Airport in Washington, United States

Bellingham International Airport is three miles (5 km) northwest of Bellingham, in Whatcom County, Washington, United States. BLI covers 2,190 acres (886 ha) of land, and is the fourth-largest commercial airport in Washington.

The airport, located in an unincorporated area of Whatcom County, is a low-fare alternative to Vancouver International Airport, and an estimated 65% of customers come from Canada. It is only 54 mi from downtown Vancouver, and only 23 mi from the Peace Arch Border Crossing, where Greater Vancouver starts.

== History ==
The Works Progress Administration (WPA) began studying a potential airport for Whatcom County in late 1935 as part of a program to build airports in large Washington cities. A plan to build an airport west of Bellingham was endorsed by the Washington's state WPA office by the end of the year and the head office the following July. On October 20, 1936, Whatcom County purchased 200 acre from Charles F. Larrabee to build an airport using WPA funds.

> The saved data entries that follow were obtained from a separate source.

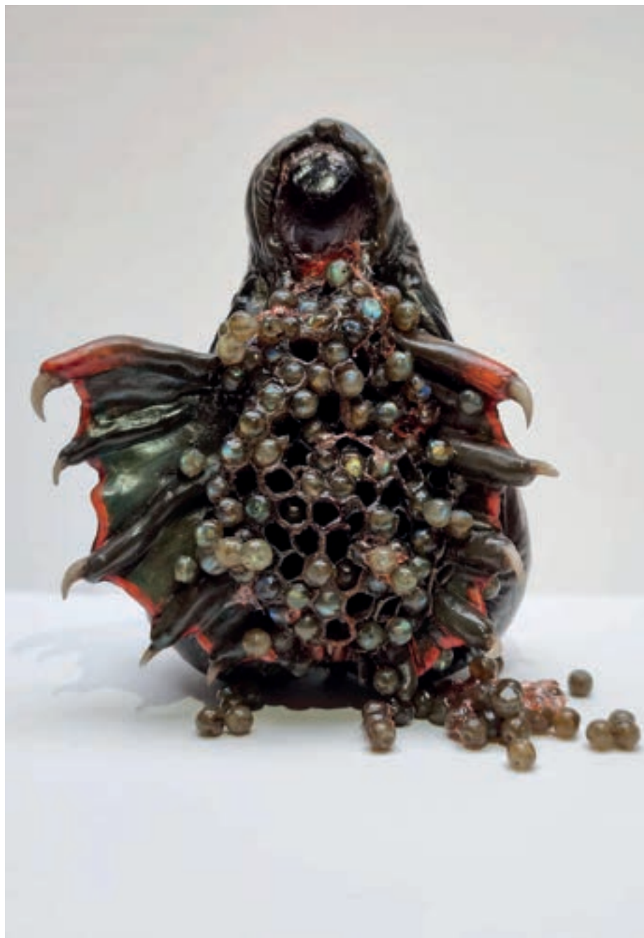
Ghita Remy, Vénus noire Verre, pierres, matériaux naturels, résine, peinture, 16x10cm
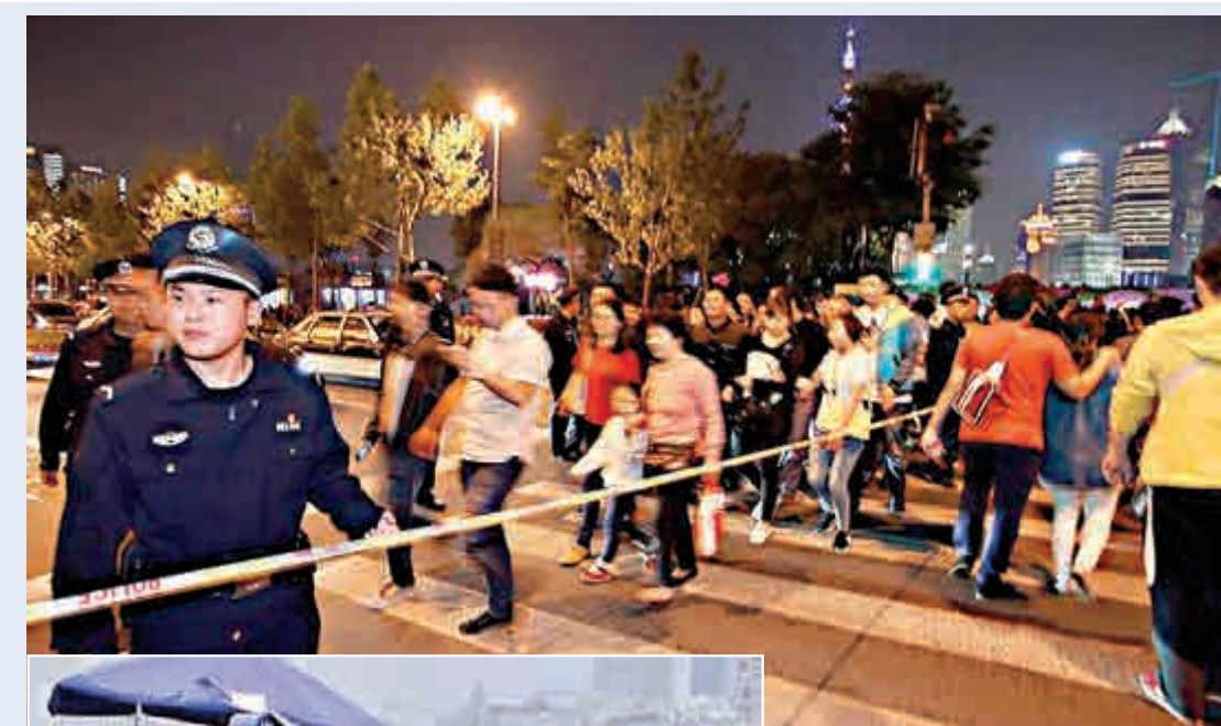
▲上海警察在路口拉起繩子疏導人群，按照紅綠燈間隔時間統一單向放行

此外，客流量較大時，警方將在外灘沿線的路口設置卡口，遠端控制引導客流均衡進入外灘。
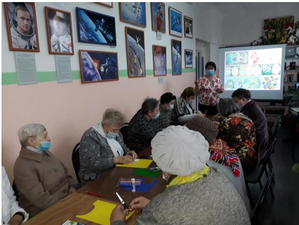
Мастер-класс «Пасхальный сувенир» (Городской библиотечный филиал №1 для подопечных Центра социального обслуживания)
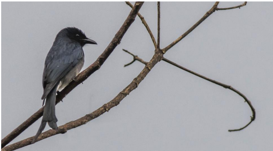
White-bellied Drongo. Den Drongo man ser mest av på Sri Lanka.
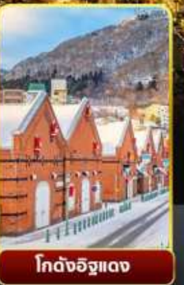
โกดังอิฐแดง
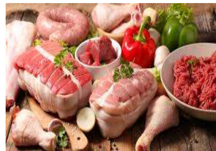
MAURIENNE VIANDE & SALAISONS — HERMILLON
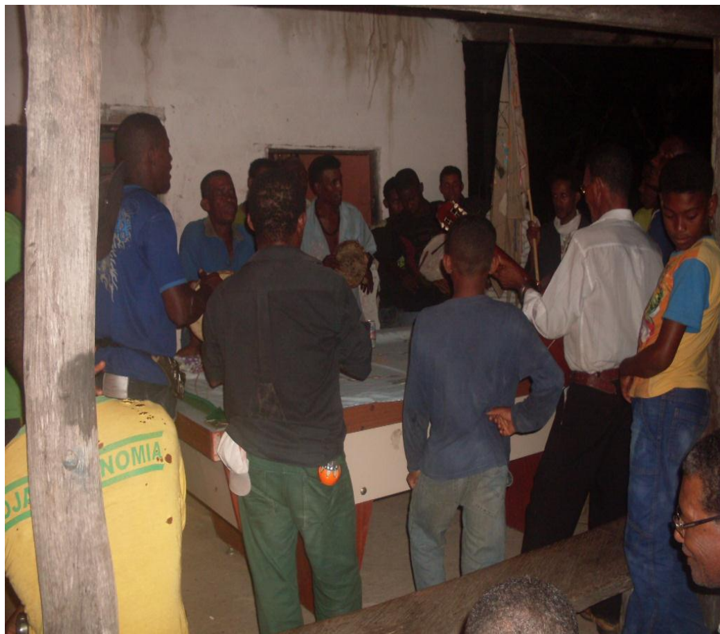
Imagem n. 34: Foliões cantando o bendito da mesa em homenagem aos Santos Reis Janeiro, 2013.
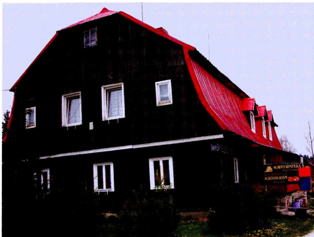
Ryc. 3. Gospodarstwo agroturystyczne „Sudecka Chata” w Lasówce (drewniany budynek mieszkalny z mansardowym dachem, naczółkiem i lukarnami)

Fig. 3. “Sudecka Chata”, an agricultural tourism farm (wooden residential building with a mansard roof, pediment and dormer windows)
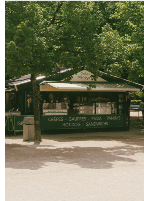
05 战神广场 - 探索巴黎

大多数人并不知道巴黎也适合家庭游。对你和家人来说，在巴黎的一个完美家庭日是怎样的？
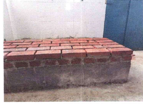
Construcción de cocina rural con hornillas, cocina escolar, módulo sur
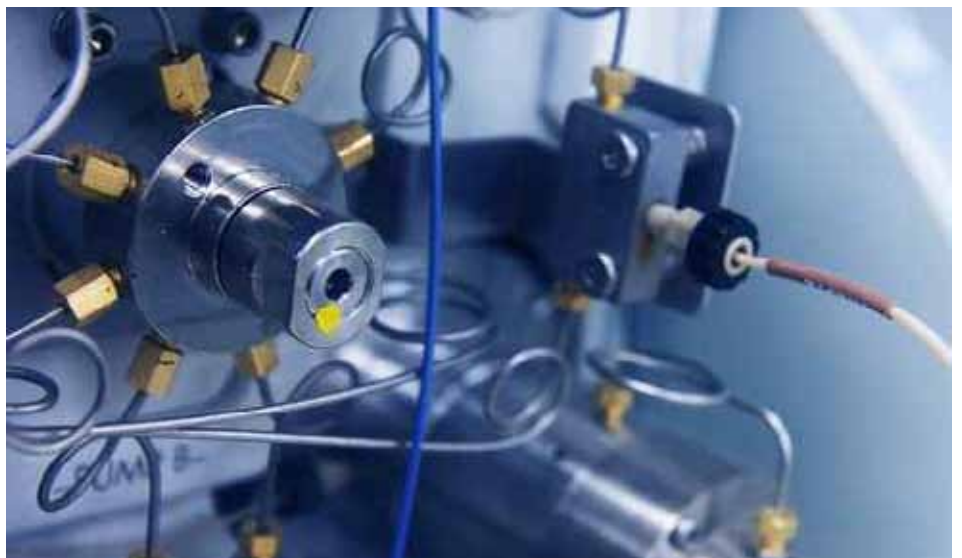
Eingangsventil eines Gaschromatographen

Wann immer Sie ein Online-Analysensystem benötigen, das in einem „Safety Instrumented
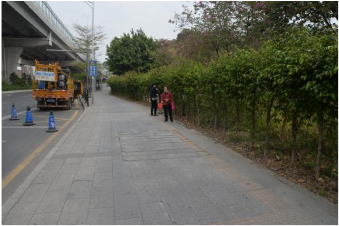
图 10 工程用地地表现状（南-北）
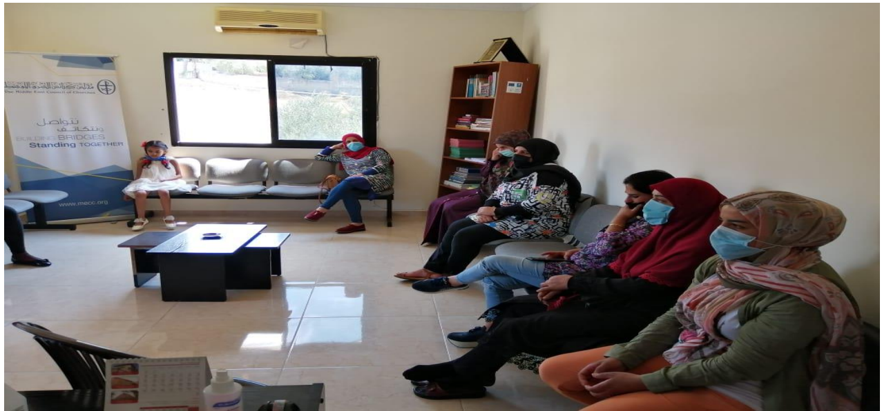
فريق عمل مجلس كنائس الشرق الأوسط وعدد من المتطوعين يقومون بفرز وتقسيم شحنة المساعدات التي وصلت من مصر لتوزيعها إلى المتضررين في لبنان، آب/ أغسطس 2020، مصدر الصورة: دائرة الدياكونيا
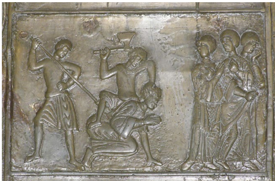
Plastické ztvárnění smrti sv. Vojtěcha na tzv. Hnězdenských dveřích, tedy dochovaných románských dveřích z doby kolem roku 1175, představujících významnou historickou památku jednoho z nejstarších polských měst Hnězdena. Plastika zachycuje Vojtěchovo probodnutí kopím a současně stínání sekerou

O hlavu český biskup skutečně přišel, je však otázka, zda k jejímu setnutí nedošlo až posmrtně. Skončila na kůlu, odkud ji údajně po třech dnech
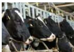
Saúde Animal Ministério da Agricultura diz estar a acompanhar caso...
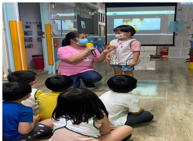
※我不隨便接受陌生人的東西。
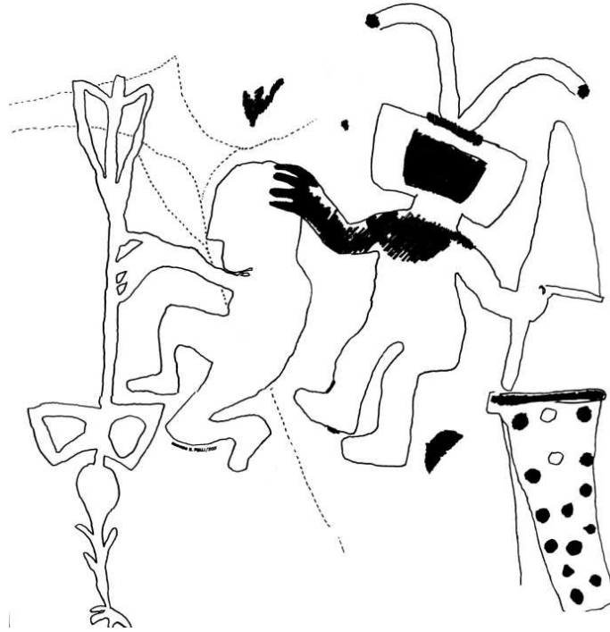
Figura 8. Calco de una pictografía que muestra una escena de sacrificio. Alero La Sixtina.
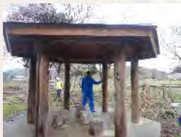
錦秋湖川尻総合公園
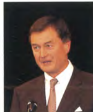
ヨーゼフ・デハント 第10回ヨーロッパジャ パンウィーク・オーストリ ア側実行委員長／ザルツ ブルク市長
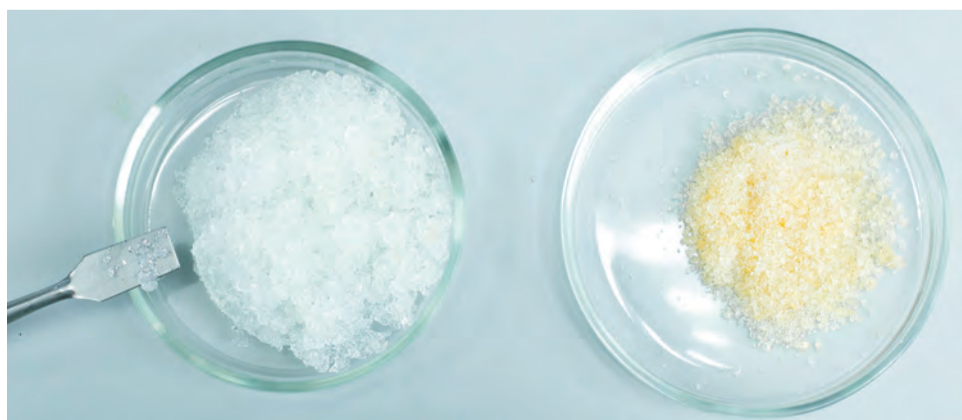
Лабораторные исследования показывают правильность выбранного пути

Чем чище вода, тем больше полимер может ее вобрать. Один килограмм вещества впитывает 400–500 л дистиллированной воды и 300–350 л водопроводной. Дождевая вода сама по себе достаточно чистая, но, попадая в почву, она обогащается солями, и килограмм полимера впитает в себя лишь до 200 л в зависимости от содержания солей в почве.
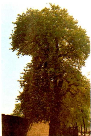
前扳曾口村明初植的柘桑树
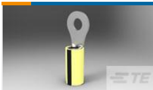
TE 产品编号35634 TERMINAL, PIDG R 16-14HD 6
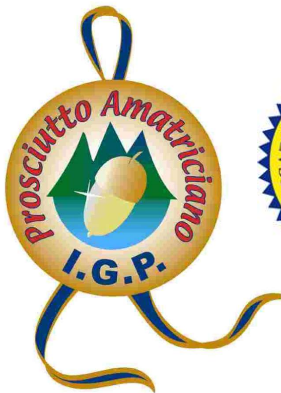
Logo prosciutto amatriciano igp

ONAS ® ORGANIZZAZIONE NAZIONALE ASSAGGIATORI SALUMI
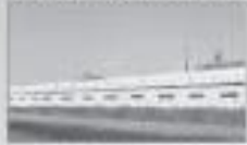
ALP OVERSEAS PVT. LTD. (WUDRAPUR, UK)

EPDM/ PVC/ TPE/ TPR/ EXTRUDED WEATHER STRIPS - PLASTIC MOULDED PARTS - NITRILE/ EPDM FOAM INSULATION
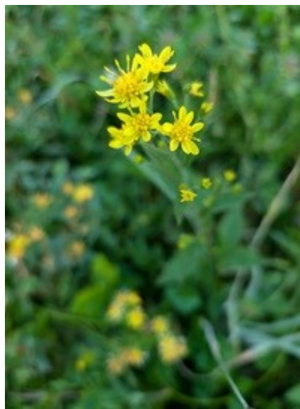
ミヤマアキノキリンソウ
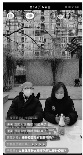
医生线上直播解答疑问
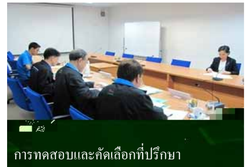
การทดสอบและคัดเลือกที่ปรึกษา

นอกจากนี้ยังได้มีการ การอบรมเชิงปฏิบัติการ (Work shop) ให้กับสถานประกอบการ
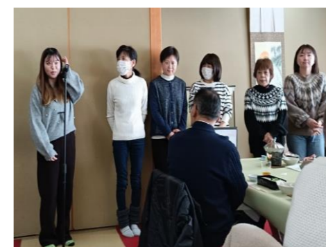
今年度、入職された職員の紹介
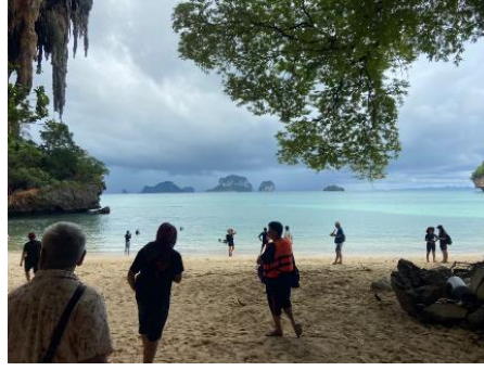
ถ่ายรูปเกาะไก่ ลงเล่นน้ำ เกาะไก่ ชมปะการังหลากสี ปลาการ์ตูน และ ปลานานาชนิด
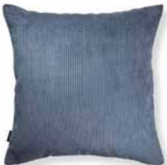
Cara 100635 50 x 50 cm jeansblau
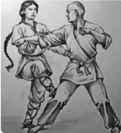
Wing Chun Quan

Le bœuf de métal manifeste un environnement parfaitement structuré, dominé par un pragmatisme prudent, sans enthousiasme débordant, les choses se feront en temps et en heure par la patience dans l'épreuve. Il s'attire à lui uniquement des personnes de confiance qui partagent les mêmes valeurs de droiture que lui, celles et ceux sur qui il peut compter. S'il souffre, c'est normal au travail, il le fait en silence ; s'il est content l'expression de satisfaction sera modérée, car sa vigilance craint en permanence la probable chute d'une épée de Damoclès, voilà pourquoi il ne peut se reposer de travailler, de s'exercer de peur d'être trahi ou que les affaires le lâchent.
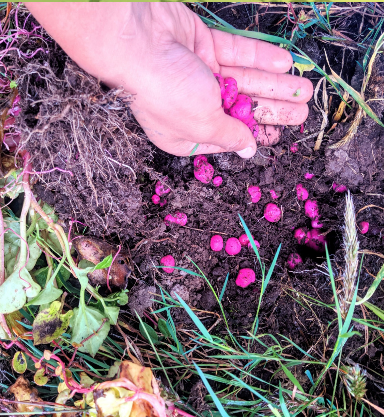
Fotografía:Diego Riveros 2019,Semillas andinas, ZRC Sumapaz.

Construction of the airport began on October 22 under the supervision of the WPA. Three runways were planned, but only the first was built initially; it was 3600 ft long by 150 ft wide, and it was completed and dedicated on June 1, 1940. Temporary Port of Entry status was secured early, but the slow construction left it in a continually tenuous state – United Airlines would only base there if the field were safe enough for their DC-3s, and it maintained its Port of Entry status.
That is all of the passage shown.